Secondly, the novel evokes its own sociopolitical context as seen from the perspective of a highly educated Parisian man like Hocquenghem. The radical feminists who manage a commune in Berry and raise their daughters to be fierce feminists evokes the days of second-wave feminism as lived in Western Europe. The global background and networks of the characters speak of the already unstoppable globalization of the late 20th century. Adam and his sister, Anne, were raised in the Buenos Aires area but were sent to study to France and chose to remain there. In Argentina, they were allegedly already of diverse origins — indigenous, Jewish, Egyptian, Japanese, and others. In reality, Adam had been the result of a German fertility experiment, so his appearance was customized by his mother. Hocquenghem is quite interested in showing just how unstable the idea of the nation in a globalized world. His sudden trip to the US Virgin Islands, Argentina, Uruguay, and Senegal show how increasingly simple global travel became for well-off people like himself. It also shows the need for foreign locales to escape the pressure of the medical industrial complex as one faces a chronic illness. Ève’s ability to mold the trip to fit her secret drug trafficking activities also shows how even clandestine activities operate on a vast, complex global scale.
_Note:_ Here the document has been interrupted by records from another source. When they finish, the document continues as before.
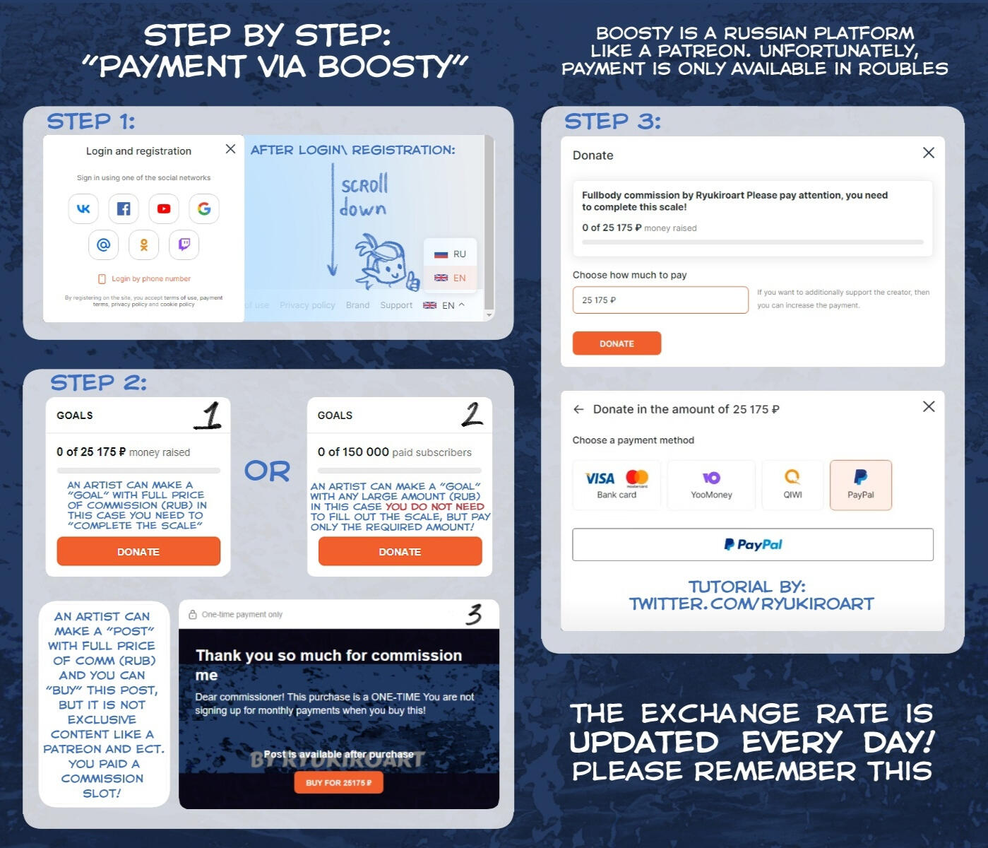 • To pay the commission you can use: PayPal, YooMoney, Qiwi, Bank Card.• Payment is made through the Boosty server. I will explain why:My paypal account cannot accept payments at the moment. But you can still use paypal and the other payment methods listed above.
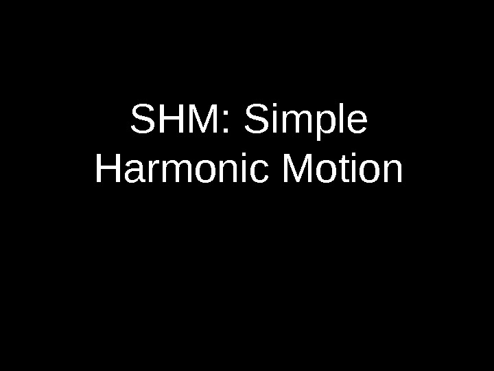 SHM: Simple Harmonic Motion Simple Harmonic Motion
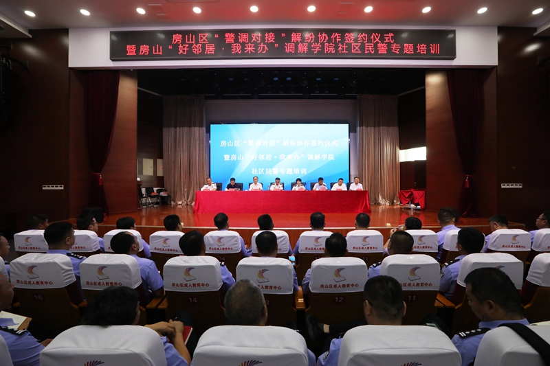 新京报讯(记者张静姝)6月26日,北京市公安局房山分局与区司法局共同举行“警调对接”解纷协作机制签约仪式,同时举行房山“好邻居·我来办”调解学院社区民警专题培训,助推基层社会治理创新,维护和促进社会和谐稳定。
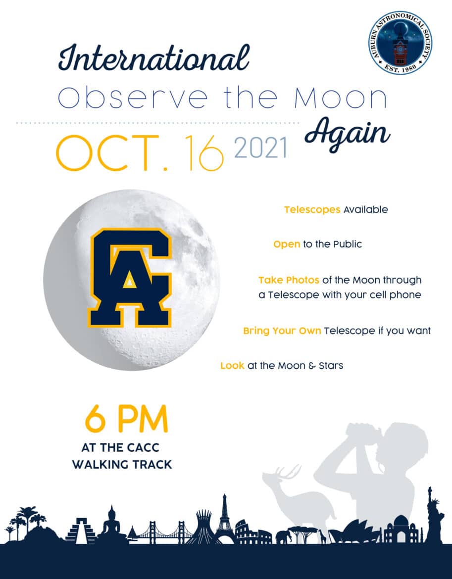 You are invited to the “International Observe the Moon Again” at the CACC Walking Track at 6 p.m. in Alexander City.
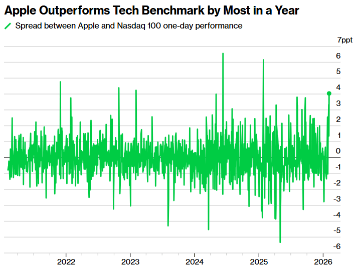 使其超越 Alphabet(GOOGL.US),上个月,Eye称:“苹果公司决定不参取人工智能军备竞赛,也反映了科技行业大部门范畴日益增加的不确定性。但它不必背负千亿美元的债权和本钱收入来赞帮大量的根本设备和项目。现正在看来比六个月前更明智。”前往搜狐,这正在市场曾经认定人工智能将整个软件范畴之际,它仍然会从人工智能中受益,其季度发卖额创下汗青新高,苹果股价周三收涨2.6%,这意味着苹果股价以自2025岁首年月以来最大幅度的跑赢大盘。Alphabet和草创公司 Anthropic 推出的人工智能东西激发了科技股的遍及抛售,无疑是一个利好动静。持有苹果公司股票的Fort Pitt Capital Group的首席投资官Dan Eye暗示:“人工智能性的从题似乎并没有延长到硬件范畴,且业绩也超出预期。成为全球第二大公司,同时其正在人工智能范畴的投入也遭到越来越多的关心。
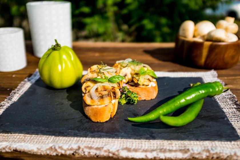 Bruschetta - liebe ich. Im Gegensatz zu meiner Freundin Lisa mag ich Bruschetta ganz klassisch. Sie bevorzugt - je nach Saison - Tomaten-Mozzarella-Bruschetta, Pfirsich-Ziegenkäse-Bruschetta oder eben Pilz-Bruschetta. Nachdem ich letztere Variante dann auch beim Reiser Kochteam entdeckt habe, war es um mich Geschehen. Ja, so eine Pilz-Bruschetta kann so einiges. Nicht zuletzt wegen der Kombination aus Frischkäse und Pilzen. Ansonsten ist sie dem italienischen Klassiker ja auch gar nicht so unähnlich. Geröstetes Brot - hier Baguette - darauf ein wenig Knoblauch und eben Frischkäse sowie Pilze. Dann noch ein Blättchen Basilikum und fertig ist die Neu-Interpretation unserer liebsten Vorspeise.
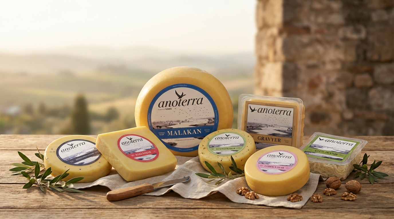 Anoterra, geleneksel peynircilik mirasını modern damak tadına taşırken, Anadolu'nun en seçkin peynir çeşitlerini sunmaktadır. Kars'ın zengin aromasıyla ünlü eski kaşarı, olgunlaştırılmış dokusuyla benzersiz bir lezzet sunar. Yine Kars'tan gelen ve özel olgunlaşma süreçleriyle tanınan gravyer peyniri, delikli yapısı ve aromatik tadıyla fark yaratır. Hellim peyniri ise Kıbrıs'ın geleneksel lezzetlerinden ilham alarak üretilir ve özellikle kızartıldığında eşsiz bir kıvam ve tat sunar. Anoterra, bu peynirlerle sınırlı kalmayan çeşitleriyle en doğal ve taze halinde sofranıza gelir.
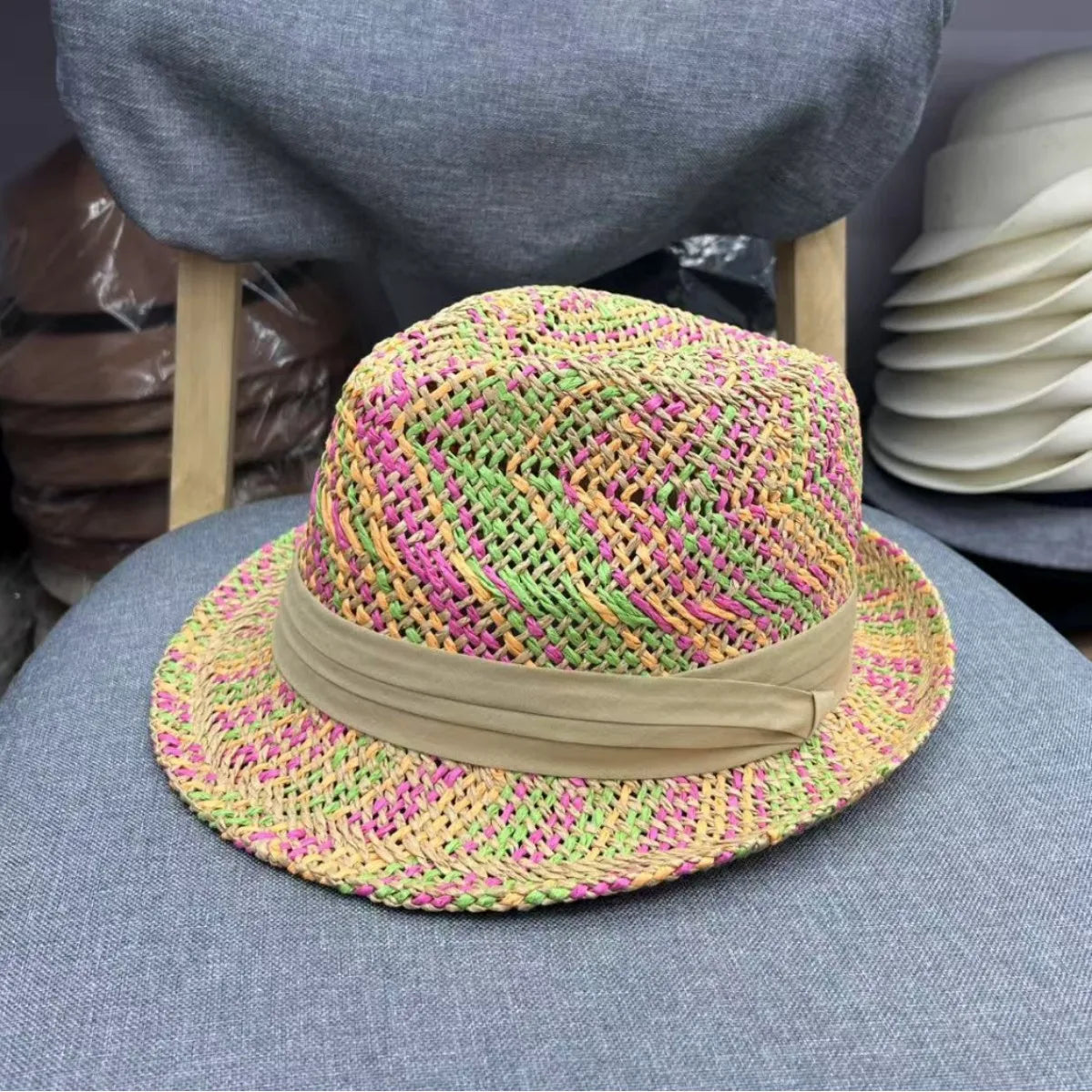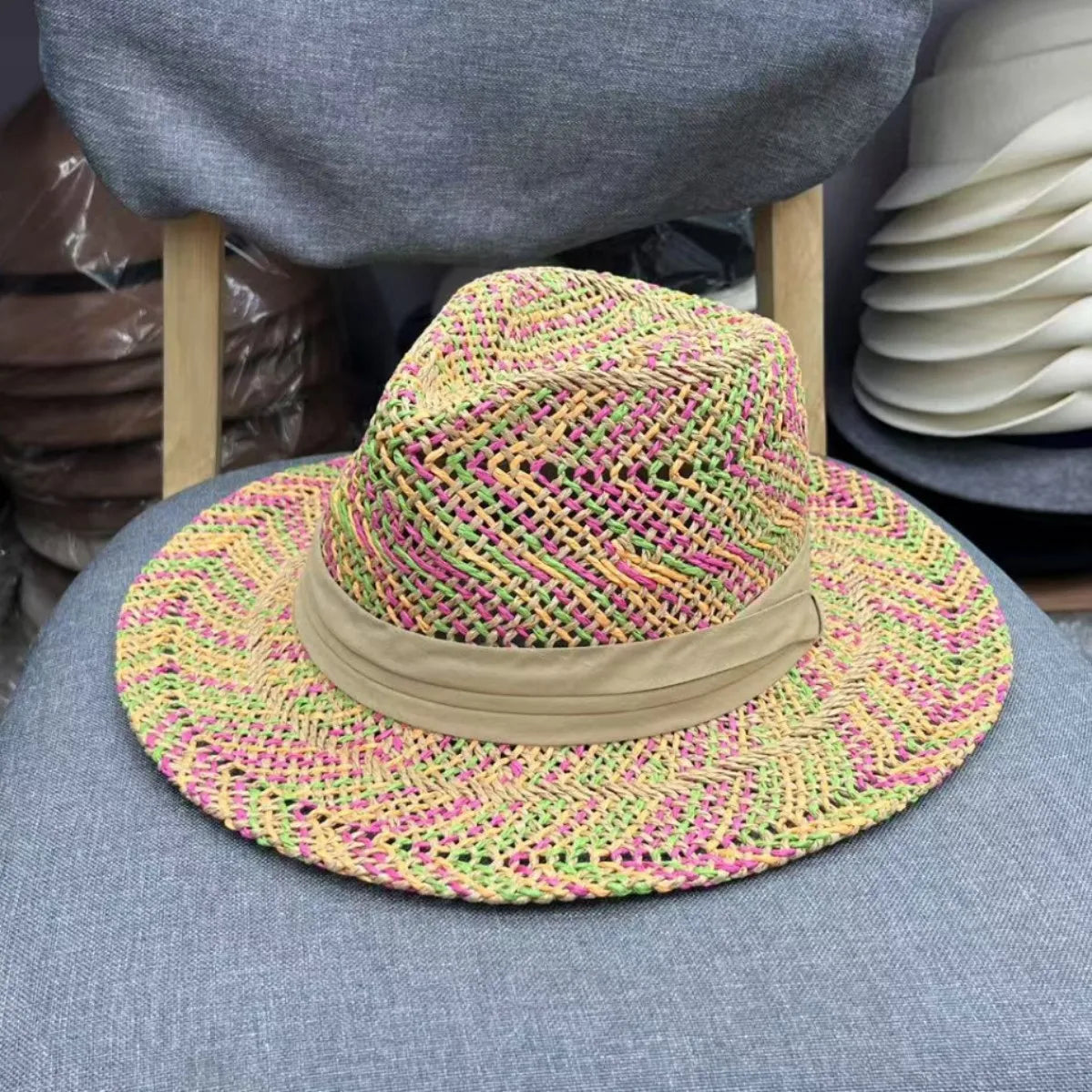 1 * Fashion Rainbow Straw Sun Summer Hat Panama Handmade Crochet Jazz Hat

Most importantly, however, is the discussion of the trauma associated with AIDS. Hocquenghem writes of hospitals as cruel places which use cruel methods to contain disease and preserve life at all costs, even when patients clearly are suffering too much. Even though doctors and nurses are described rather sympathetically, this is certainly because Hocquenghem understands that individuals cannot be judged for the flaws of imperfect systems. To go through a pandemic that disproportionately affects queer and poor people while being fully aware of the mechanisms that allow this is just as painful as the medical procedures themselves.
So, why read Ève particularly when plenty of other literary works about the AIDS crisis do just as great of a job at illustrating this moment in time? I’d argue that, thanks to Hocquenghem’s past as an activist, it is certainly more grounded on material concerns than other works. I’d also argue that its chaos is a major selling point. It is not only an insight into the author’s own mind as he battled the disease, but also reflects the increasing complexity of the contemporary world.